THREE
CLARA
The conference room was ice-cold and deadly silent, except for the painfully monotone voice from the sales team going over quarterly projections. Something about revenue streams. Or maybe conversion rates. I couldn’t tell. I’d stopped listening after the first ten minutes.
I shifted in my seat, biting the inside of my cheek to stay awake.
The fluorescent lighting above buzzed faintly, adding to my suffering. My eyes drifted to the glass of water in front of me. I didn’t even remember pouring it.
Across the table, Laila caught my eye. Her face was blank but her brows flicked up in that kill me now expression.
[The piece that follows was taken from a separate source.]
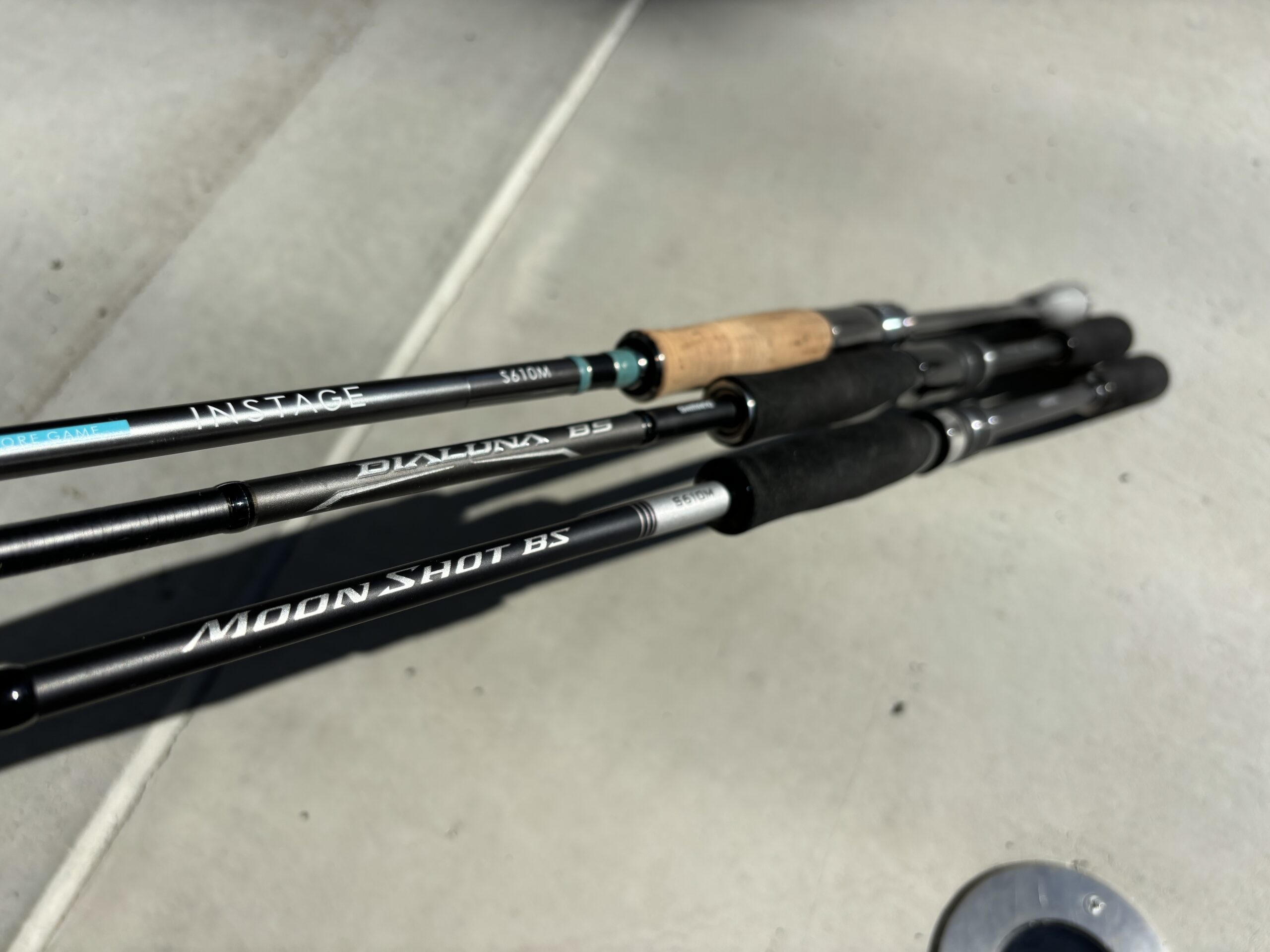 バスロッドだとシマノの場合、ゾディアス、エクスプライド、バンタムとラインナップがありますが、このインショア(ボートシーバス)ゲーム用も似たように3グレードあってムーンショット、ディアルーナ、インステージとなります。

I gave her a look back that clearly translated to let’s fake an emergency and leave.
She stifled a smile.
Behind her, Damien sat still, silent and unreadable at the head of the table. Black suit. Perfect posture. One hand resting on the table, the other on his lap.
His jaw was tense, and his eyes scanned the room like he was calculating each person’s usefulness.
I felt the heat of his gaze brush past me once. Just once. Barely there. But it was enough to send a chill down my spine.
I blinked hard, staring at the charts on the screen. Still not processing anything.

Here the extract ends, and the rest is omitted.